------ SUPPLIED INFORMATION

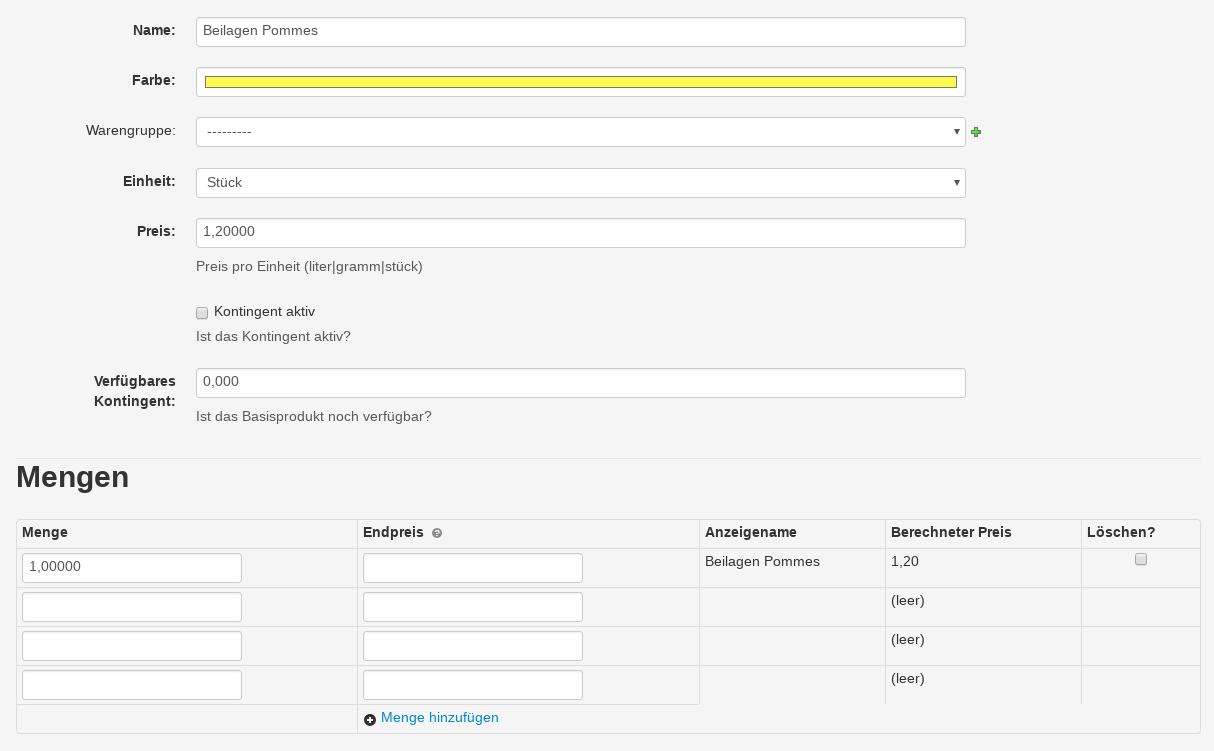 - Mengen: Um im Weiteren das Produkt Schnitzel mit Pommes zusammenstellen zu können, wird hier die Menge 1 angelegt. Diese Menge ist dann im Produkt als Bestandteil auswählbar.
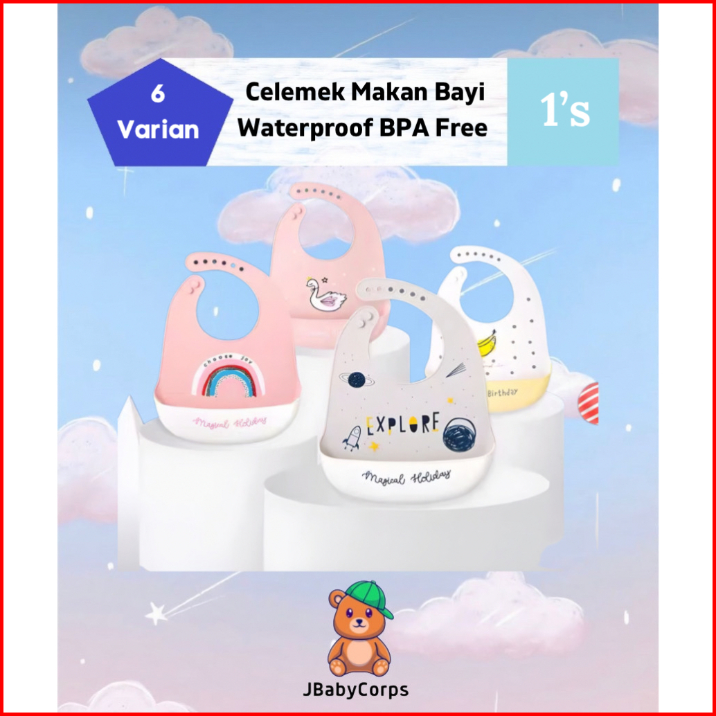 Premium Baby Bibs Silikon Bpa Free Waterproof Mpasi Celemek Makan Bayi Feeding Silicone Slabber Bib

------------
------ SUPPLIED INFORMATION

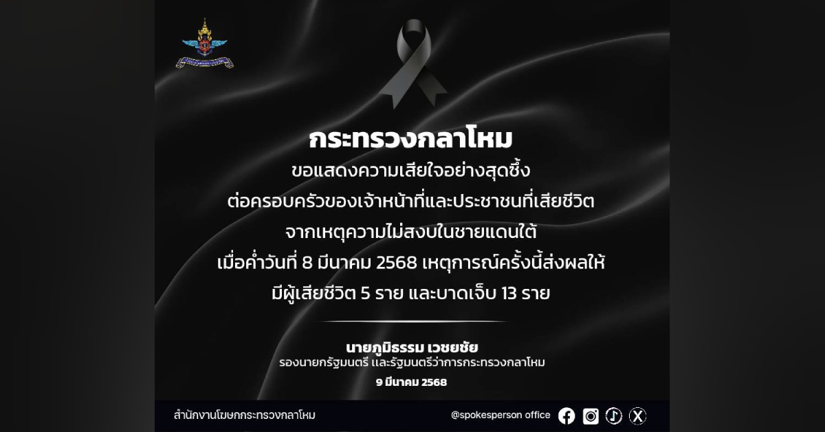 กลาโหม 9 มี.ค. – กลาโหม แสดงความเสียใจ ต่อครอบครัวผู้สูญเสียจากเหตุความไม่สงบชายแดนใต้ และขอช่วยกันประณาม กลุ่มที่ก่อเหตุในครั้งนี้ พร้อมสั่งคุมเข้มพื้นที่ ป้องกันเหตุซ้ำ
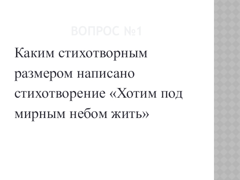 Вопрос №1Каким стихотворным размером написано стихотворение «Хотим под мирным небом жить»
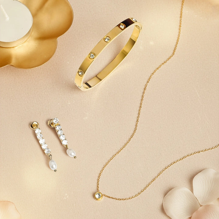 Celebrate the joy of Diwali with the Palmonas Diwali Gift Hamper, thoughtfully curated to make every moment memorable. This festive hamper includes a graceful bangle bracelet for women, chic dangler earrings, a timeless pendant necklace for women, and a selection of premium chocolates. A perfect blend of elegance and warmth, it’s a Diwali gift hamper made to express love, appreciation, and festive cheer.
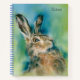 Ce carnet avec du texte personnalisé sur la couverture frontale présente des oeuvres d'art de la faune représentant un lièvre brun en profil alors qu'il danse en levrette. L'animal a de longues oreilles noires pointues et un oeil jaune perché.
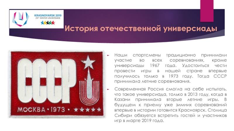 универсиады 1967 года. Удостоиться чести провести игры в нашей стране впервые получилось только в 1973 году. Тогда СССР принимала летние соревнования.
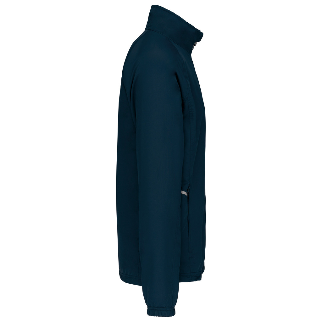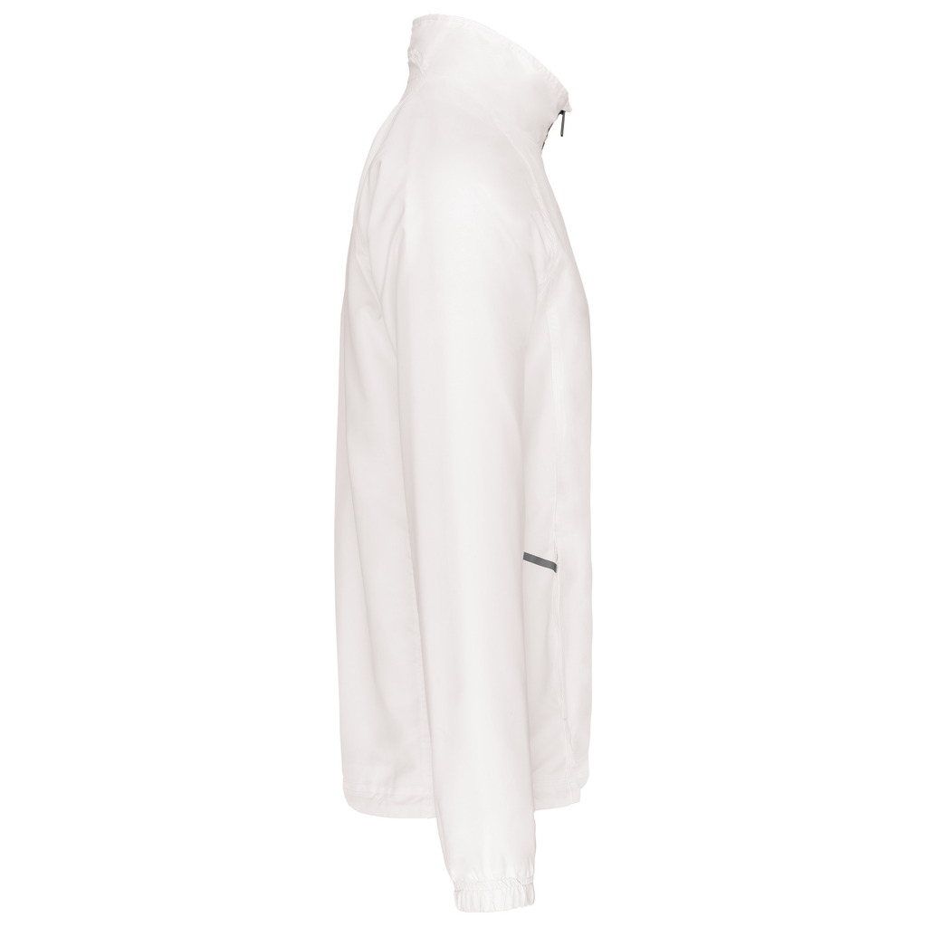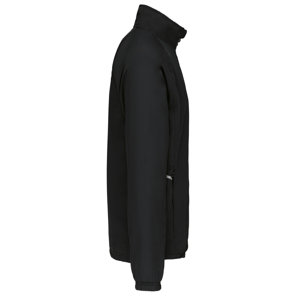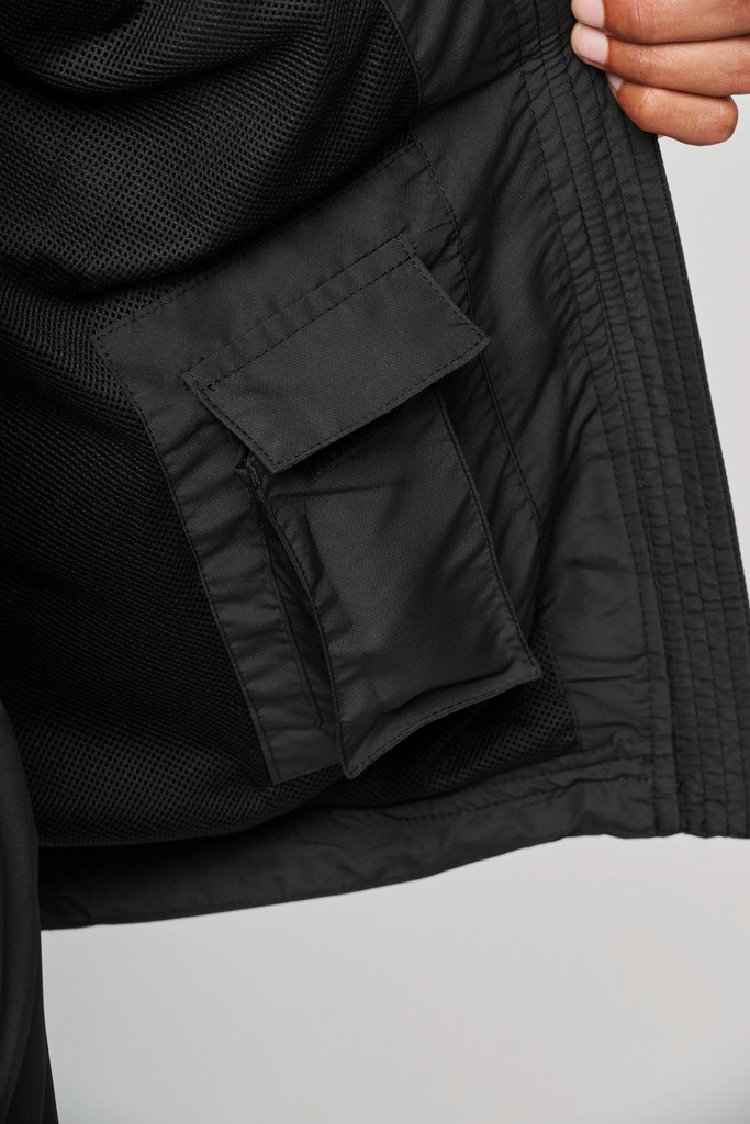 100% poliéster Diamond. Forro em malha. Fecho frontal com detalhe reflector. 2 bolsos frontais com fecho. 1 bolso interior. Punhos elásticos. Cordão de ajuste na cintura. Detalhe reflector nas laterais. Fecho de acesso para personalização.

------------
------ SUPPLIED INFORMATION

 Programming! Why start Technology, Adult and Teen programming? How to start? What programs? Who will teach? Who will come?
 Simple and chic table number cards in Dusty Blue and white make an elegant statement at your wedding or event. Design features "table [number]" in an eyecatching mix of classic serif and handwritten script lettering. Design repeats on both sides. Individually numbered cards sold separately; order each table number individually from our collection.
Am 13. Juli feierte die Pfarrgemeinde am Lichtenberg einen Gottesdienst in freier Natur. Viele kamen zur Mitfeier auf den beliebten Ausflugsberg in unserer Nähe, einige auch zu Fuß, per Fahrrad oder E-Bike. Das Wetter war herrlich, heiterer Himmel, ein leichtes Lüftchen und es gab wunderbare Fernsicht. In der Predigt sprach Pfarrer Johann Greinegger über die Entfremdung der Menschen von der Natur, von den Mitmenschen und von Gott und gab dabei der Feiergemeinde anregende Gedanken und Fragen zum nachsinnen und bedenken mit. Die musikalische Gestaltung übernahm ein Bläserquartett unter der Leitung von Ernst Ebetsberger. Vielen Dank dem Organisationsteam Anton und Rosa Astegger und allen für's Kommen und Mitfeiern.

------------

## WHAT YOU NEED TO DO
Write out, from the lines above, only those from the line with "Programming! Why start" to the line with "Am 13. Juli", exactly as given, including the first and the last.

## RESPONSE BELOW
 Programming! Why start Technology, Adult and Teen programming? How to start? What programs? Who will teach? Who will come?
 Simple and chic table number cards in Dusty Blue and white make an elegant statement at your wedding or event. Design features "table [number]" in an eyecatching mix of classic serif and handwritten script lettering. Design repeats on both sides. Individually numbered cards sold separately; order each table number individually from our collection.
Am 13. Juli feierte die Pfarrgemeinde am Lichtenberg einen Gottesdienst in freier Natur. Viele kamen zur Mitfeier auf den beliebten Ausflugsberg in unserer Nähe, einige auch zu Fuß, per Fahrrad oder E-Bike. Das Wetter war herrlich, heiterer Himmel, ein leichtes Lüftchen und es gab wunderbare Fernsicht. In der Predigt sprach Pfarrer Johann Greinegger über die Entfremdung der Menschen von der Natur, von den Mitmenschen und von Gott und gab dabei der Feiergemeinde anregende Gedanken und Fragen zum nachsinnen und bedenken mit. Die musikalische Gestaltung übernahm ein Bläserquartett unter der Leitung von Ernst Ebetsberger. Vielen Dank dem Organisationsteam Anton und Rosa Astegger und allen für's Kommen und Mitfeiern.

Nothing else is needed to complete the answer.